## The task
All of the entries should be restated word for word, but without their pictures.

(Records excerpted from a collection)
----------

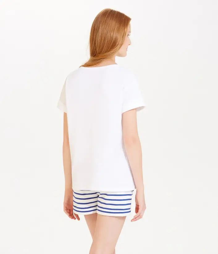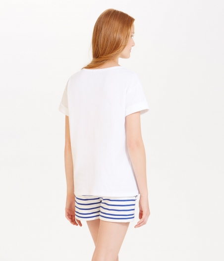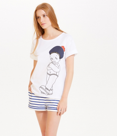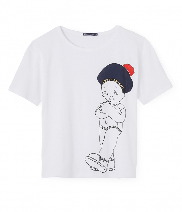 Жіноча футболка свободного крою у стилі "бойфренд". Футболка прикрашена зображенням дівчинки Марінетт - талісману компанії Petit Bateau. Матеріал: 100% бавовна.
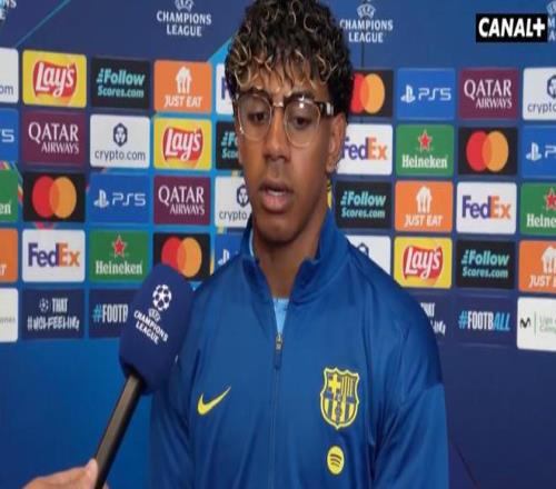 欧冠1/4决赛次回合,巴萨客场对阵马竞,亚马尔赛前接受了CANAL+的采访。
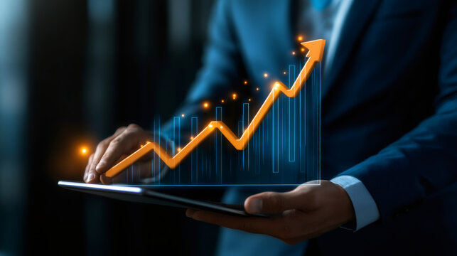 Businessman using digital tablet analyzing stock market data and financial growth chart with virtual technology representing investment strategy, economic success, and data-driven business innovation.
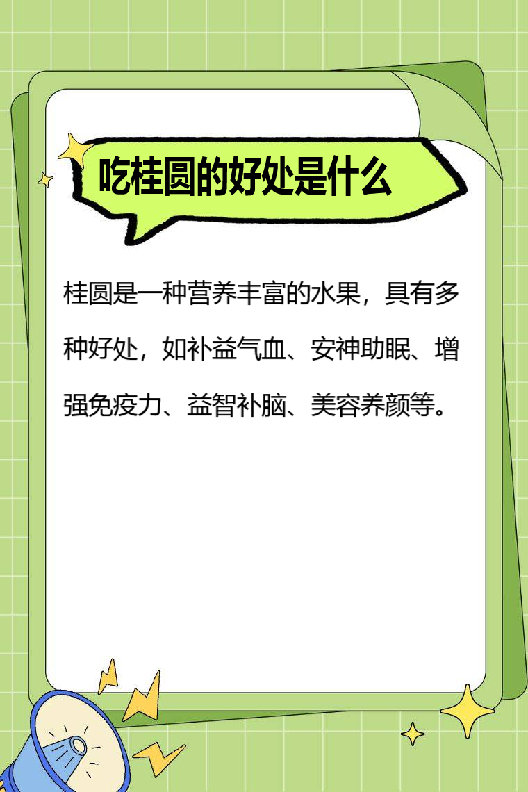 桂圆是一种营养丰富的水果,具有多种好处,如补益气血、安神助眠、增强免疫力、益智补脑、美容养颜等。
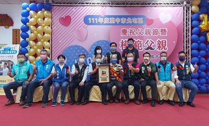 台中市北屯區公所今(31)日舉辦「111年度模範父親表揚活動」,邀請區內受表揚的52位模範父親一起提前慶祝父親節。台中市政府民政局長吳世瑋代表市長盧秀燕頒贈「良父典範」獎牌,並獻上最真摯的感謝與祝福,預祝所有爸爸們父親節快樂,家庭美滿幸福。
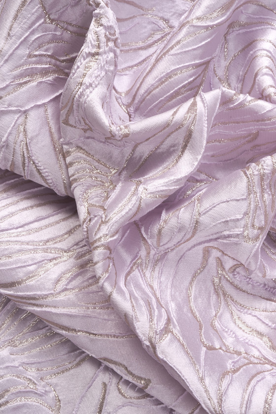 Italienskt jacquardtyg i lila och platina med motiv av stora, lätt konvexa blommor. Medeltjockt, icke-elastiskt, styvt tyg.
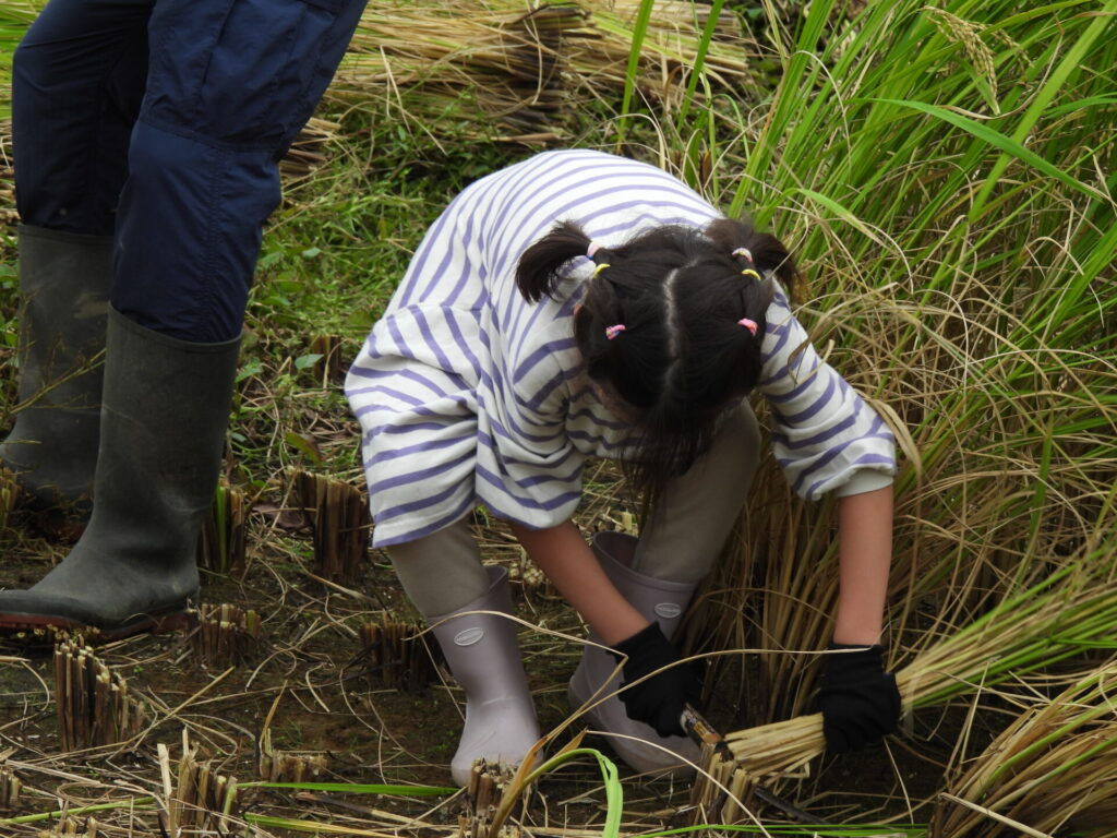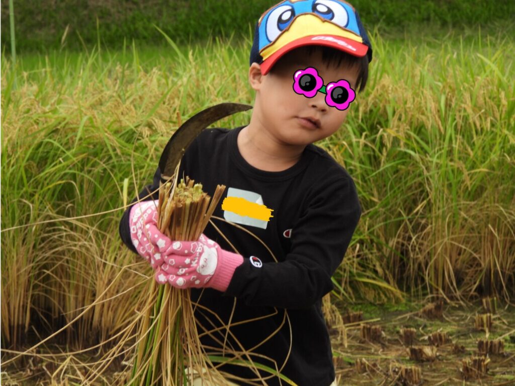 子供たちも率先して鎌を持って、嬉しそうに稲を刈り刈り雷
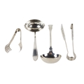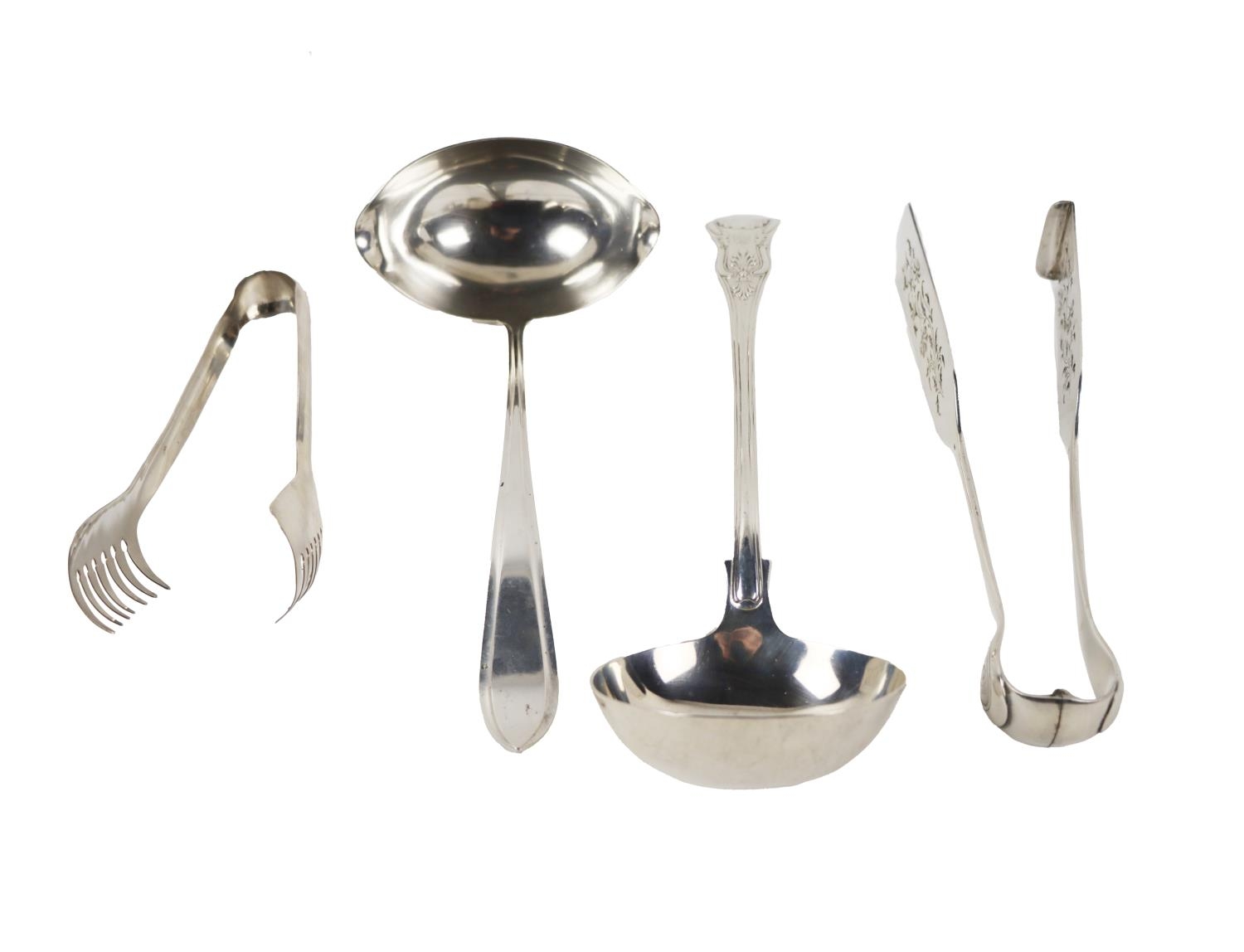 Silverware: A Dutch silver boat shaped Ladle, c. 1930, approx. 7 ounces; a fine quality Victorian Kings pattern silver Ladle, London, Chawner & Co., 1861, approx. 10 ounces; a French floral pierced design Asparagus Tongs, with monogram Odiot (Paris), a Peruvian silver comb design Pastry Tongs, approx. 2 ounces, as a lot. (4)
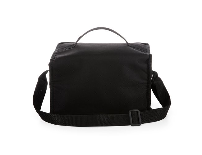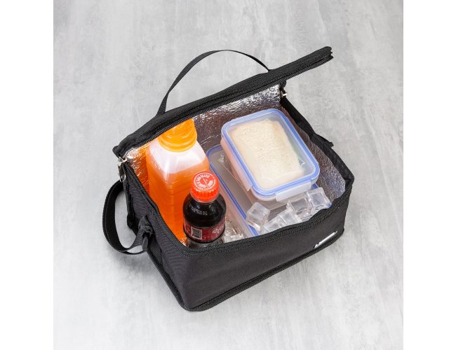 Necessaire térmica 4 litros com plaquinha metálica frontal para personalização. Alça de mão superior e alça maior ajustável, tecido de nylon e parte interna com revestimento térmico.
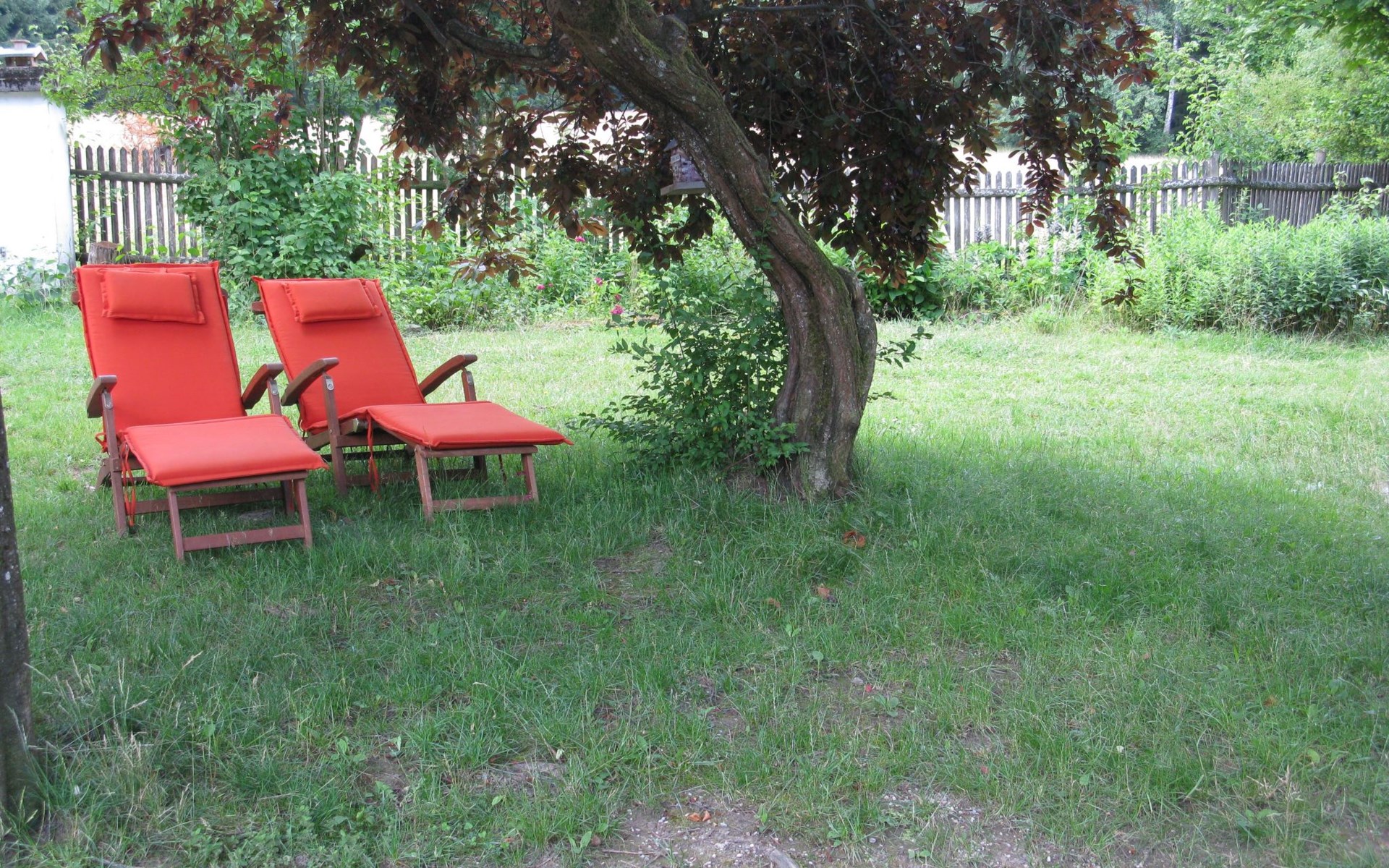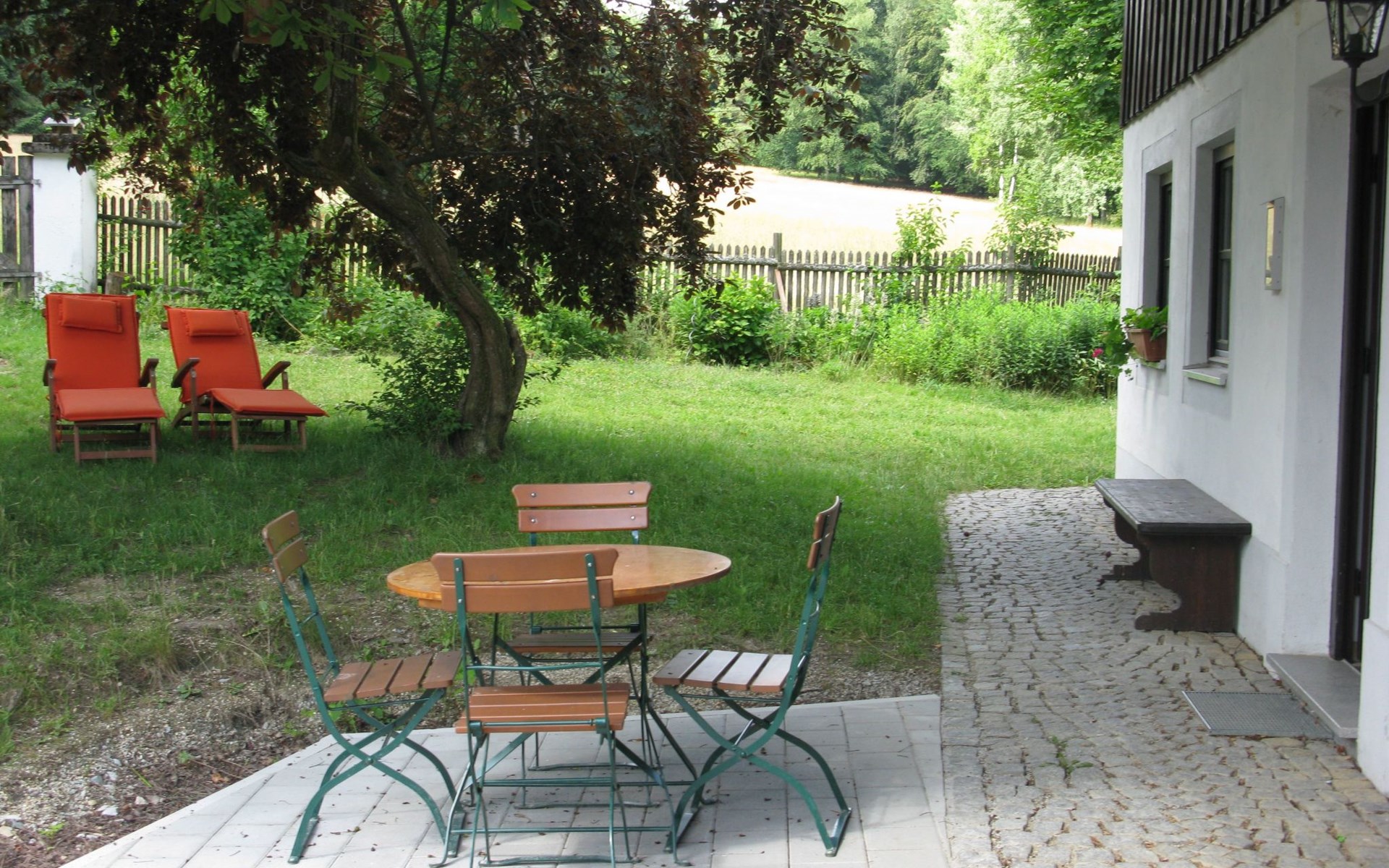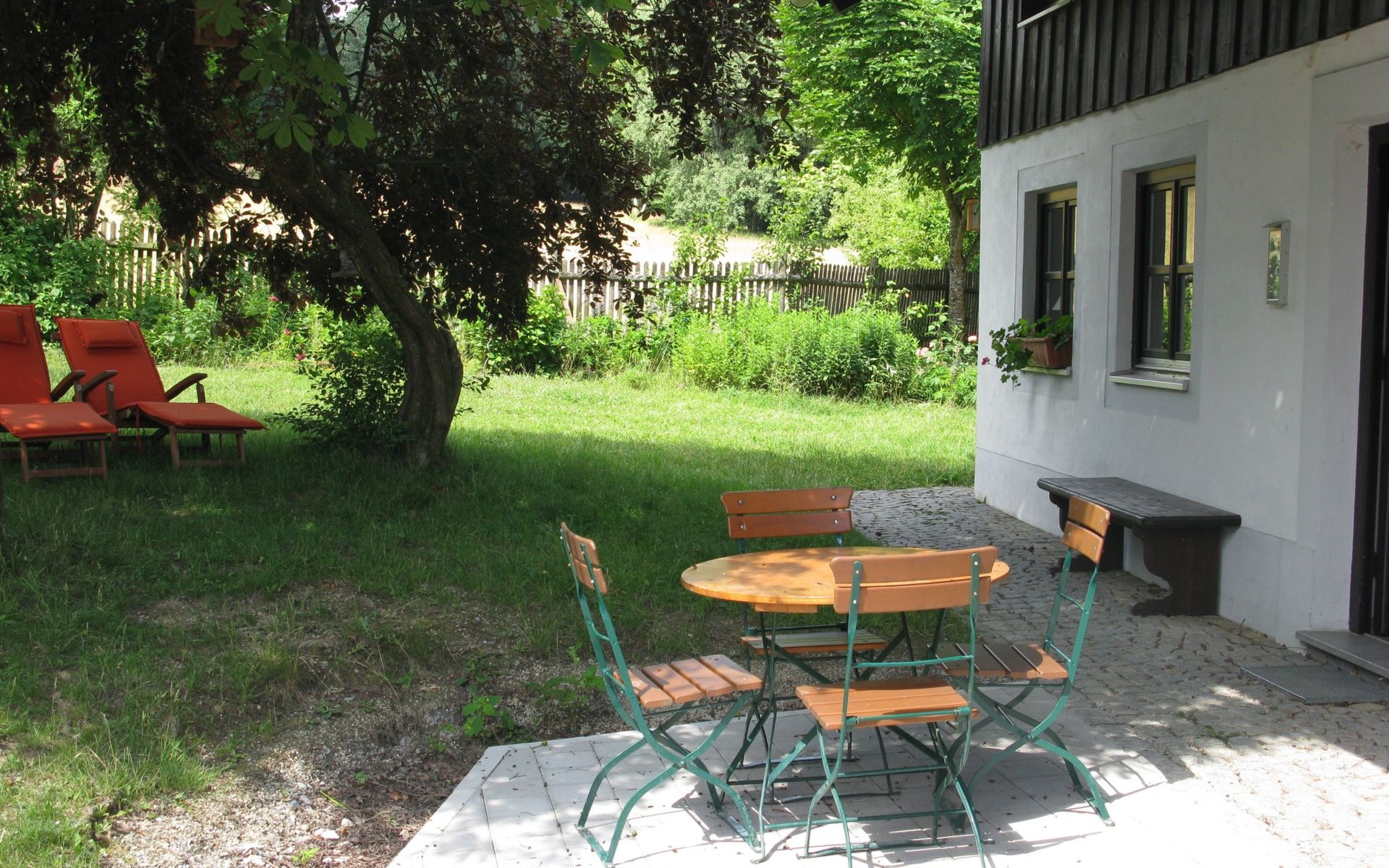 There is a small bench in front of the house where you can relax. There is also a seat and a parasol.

----------

## Final answer
 Жіноча футболка свободного крою у стилі "бойфренд". Футболка прикрашена зображенням дівчинки Марінетт - талісману компанії Petit Bateau. Матеріал: 100% бавовна.
 欧冠1/4决赛次回合,巴萨客场对阵马竞,亚马尔赛前接受了CANAL+的采访。
 Businessman using digital tablet analyzing stock market data and financial growth chart with virtual technology representing investment strategy, economic success, and data-driven business innovation.
 桂圆是一种营养丰富的水果,具有多种好处,如补益气血、安神助眠、增强免疫力、益智补脑、美容养颜等。
 台中市北屯區公所今(31)日舉辦「111年度模範父親表揚活動」,邀請區內受表揚的52位模範父親一起提前慶祝父親節。台中市政府民政局長吳世瑋代表市長盧秀燕頒贈「良父典範」獎牌,並獻上最真摯的感謝與祝福,預祝所有爸爸們父親節快樂,家庭美滿幸福。
 Italienskt jacquardtyg i lila och platina med motiv av stora, lätt konvexa blommor. Medeltjockt, icke-elastiskt, styvt tyg.
 子供たちも率先して鎌を持って、嬉しそうに稲を刈り刈り雷
 Silverware: A Dutch silver boat shaped Ladle, c. 1930, approx. 7 ounces; a fine quality Victorian Kings pattern silver Ladle, London, Chawner & Co., 1861, approx. 10 ounces; a French floral pierced design Asparagus Tongs, with monogram Odiot (Paris), a Peruvian silver comb design Pastry Tongs, approx. 2 ounces, as a lot. (4)
 Necessaire térmica 4 litros com plaquinha metálica frontal para personalização. Alça de mão superior e alça maior ajustável, tecido de nylon e parte interna com revestimento térmico.
 There is a small bench in front of the house where you can relax. There is also a seat and a parasol.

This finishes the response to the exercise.